The Hemminger group seeks to understand the interaction of water vapor with this patchwork aerosol surface on a fundamental molecular level. The degree of water interacting with a surface determines possible reaction pathways and the propensity for aerosol to act as cloud condensation nuclei (CCN). Self-assembled monolayers (SAMs) consisting of both hydrophilic and hydrophobic thiols simulate the patchwork aerosol surface. These thiols are allowed to adsorb onto gold from the gas phase which likely results in nanometer sized domains of hydrophobic and hydrophilic character. Following the formation of these monolayers, the surface is cooled and exposed to water which binds across the surface.
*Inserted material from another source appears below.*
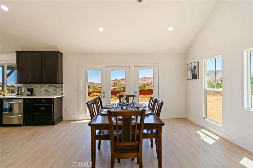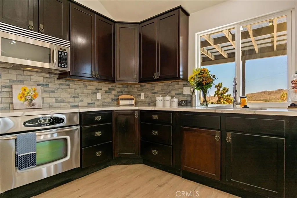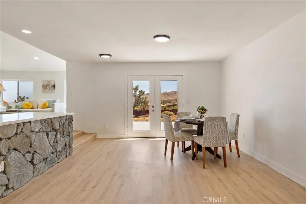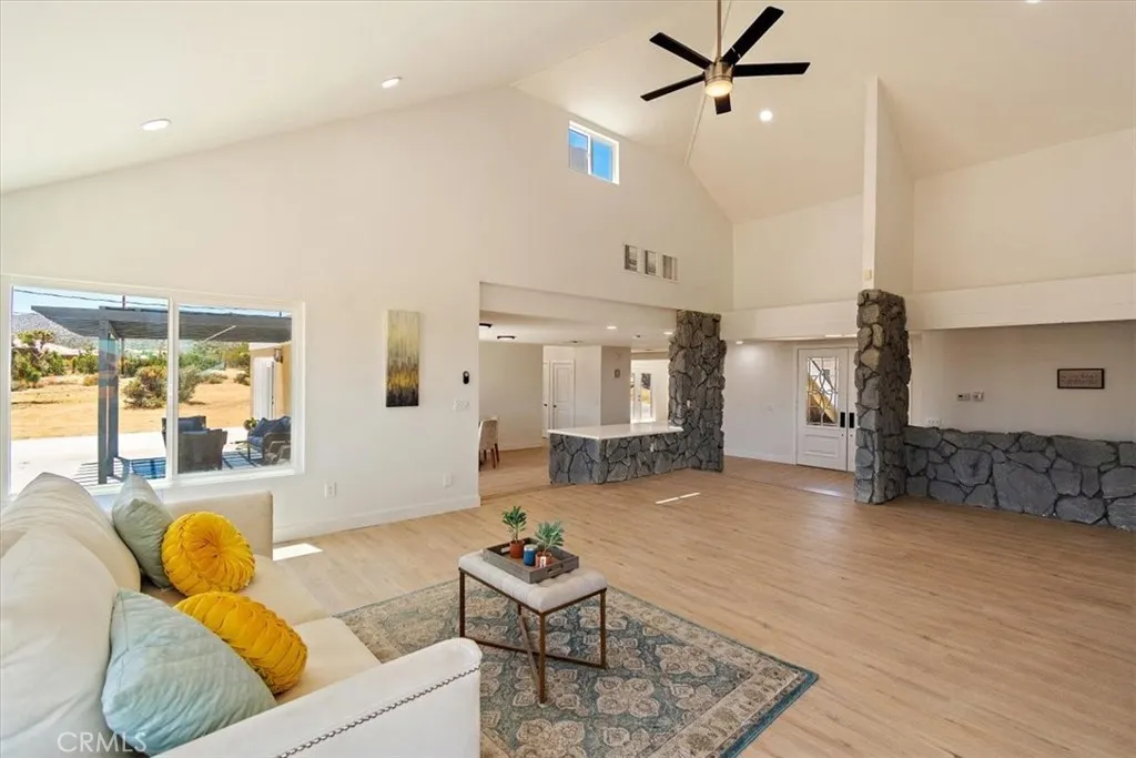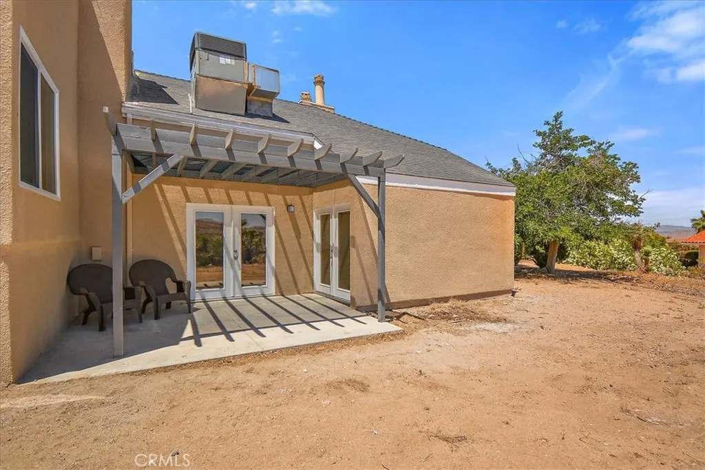 This Spacious, Absolutely Beautiful, and Fully Remodeled Chateau-Style Home in Upper Sky Harbor with leased solar is seated on 1.55 acres and surrounded by gorgeous views of the desert and surrounding landscape. This house has an extremely open floor plan, allowing for entertainment on a grand scale. This home boasts 3 bedrooms, 3 bathrooms, vaulted ceilings, an absolutely stunning and fully remodeled massive Kitchen with stainless steel appliances, Breakfast nook area, dining room, den/office, game room, Gigantic Living Room, Family Room, 2 outdoor patios with coverings, a huge horseshoe driveway, various tree/plants/vegetation, a SPA and so much more!!! Nearby to Parks, Trails, and the famous Joshua Tree National Park. This is perfect investment as a STR and/or a beautiful desert retreat. This home has been permitted with the city and is listed on all major STR sites including AirBNB/VRBO. COME SEE THIS BEAUTIFUL HOME TODAY!!!!

As the sample is subsequently heated, water desorbs from the surface according to how tightly it binds to its specific location (it takes more heat to desorb from a hydrophilic region than a hydrophobic region!). We relate the desorption profile to the original surface to gain a more fundamental understanding of water's interaction with atmospheric aerosol.
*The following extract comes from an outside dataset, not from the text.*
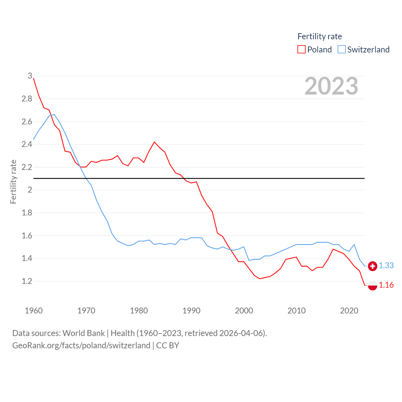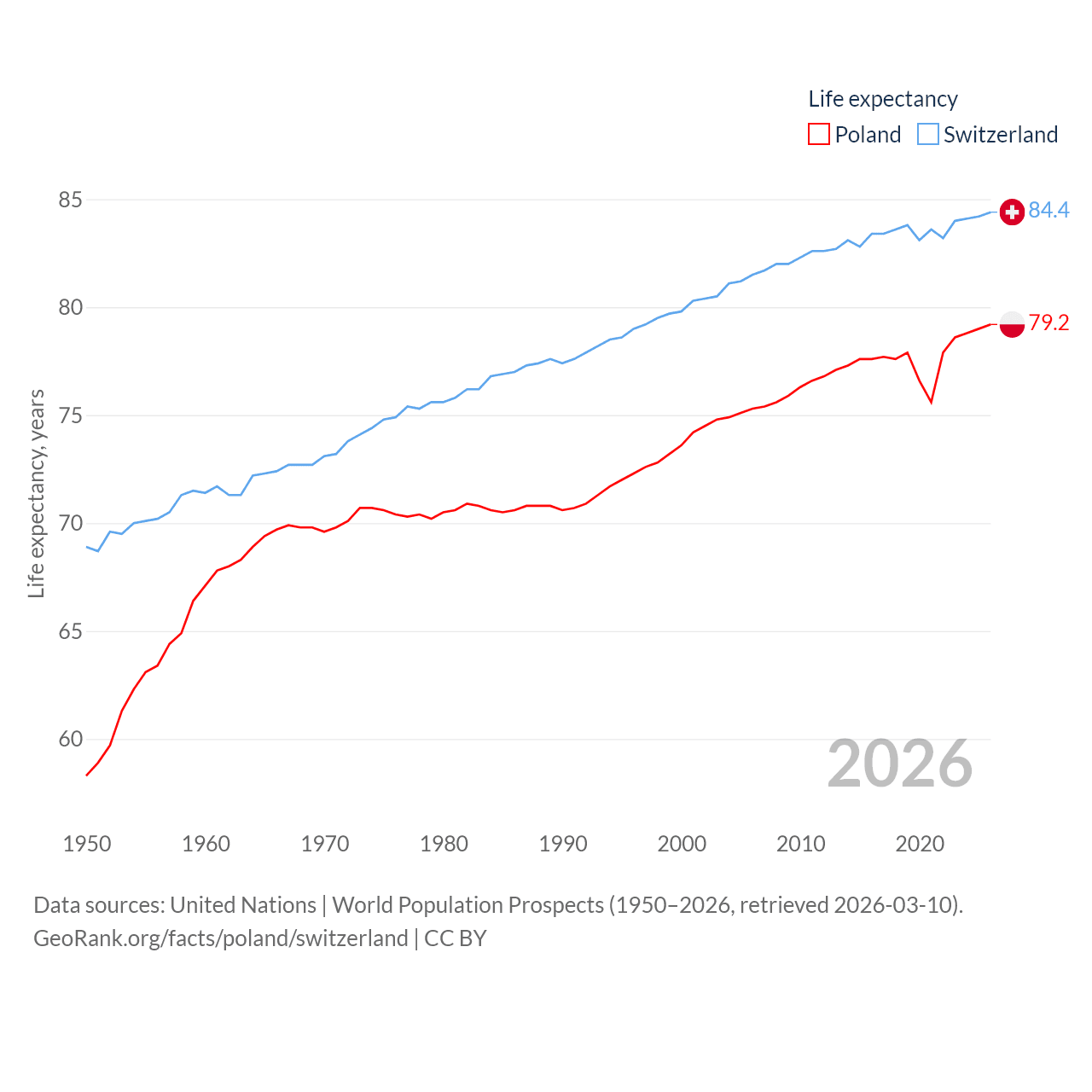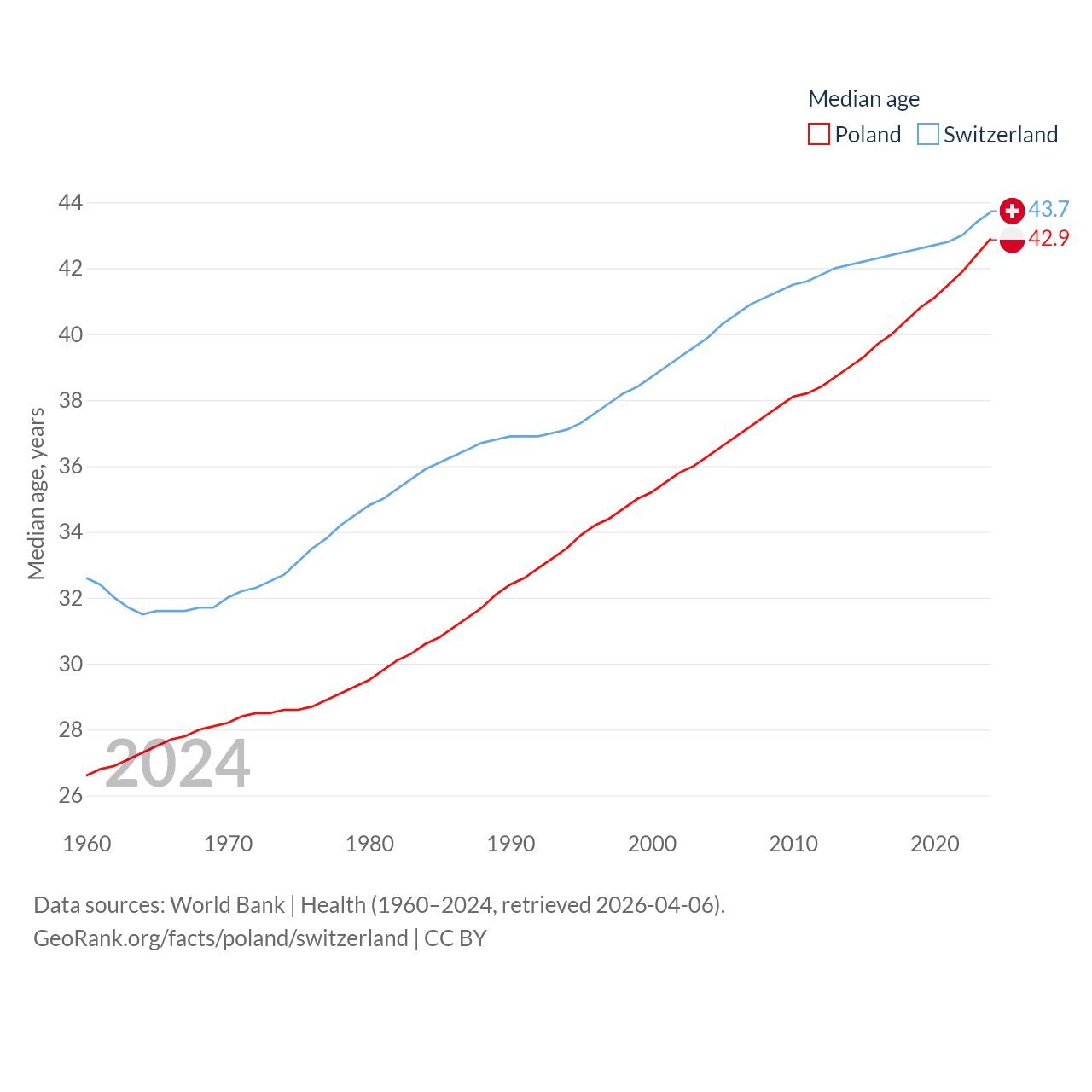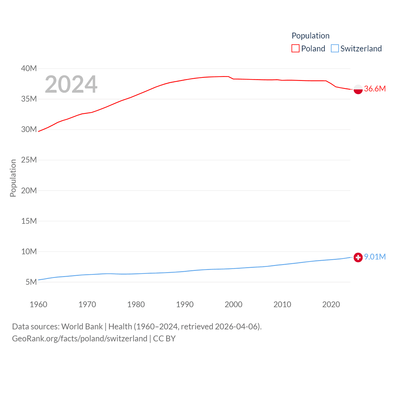 Poland has a population of 36.6M (ranked 42/197), compared with 9.01M in Switzerland (ranked 101/197). Poland's land area is 118,252 sq mi versus 15,255 sq mi for Switzerland (ranked 69th vs. 131st).

This Table of Contents figure from our recent communication presents a number of relevant findings (J. Phys. Chem. C 2008. 112(4). 890-894). In the case of a 50% methyl-terminated / 50% carboxylic acid-terminated thiol surface, water exhibits weak interactions. This is weak adsorption energy is indicated by a low temperature desorption peak centered at ~140K, somewhat lower than water desorption from a purely methyl-terminated surface. As the surface concentration of carboxylic acid-terminated thiols increases, water desorption shifts to higher temperatures indicating progressively stronger water-surface interactions. Only at high relative surface acid concentrations does the water desorption resemble the desorption from the completely acid-terminated surface. In particular, the results suggest that significant surface oxidation may be necessary to impact the interaction of water with organic aerosol surfaces.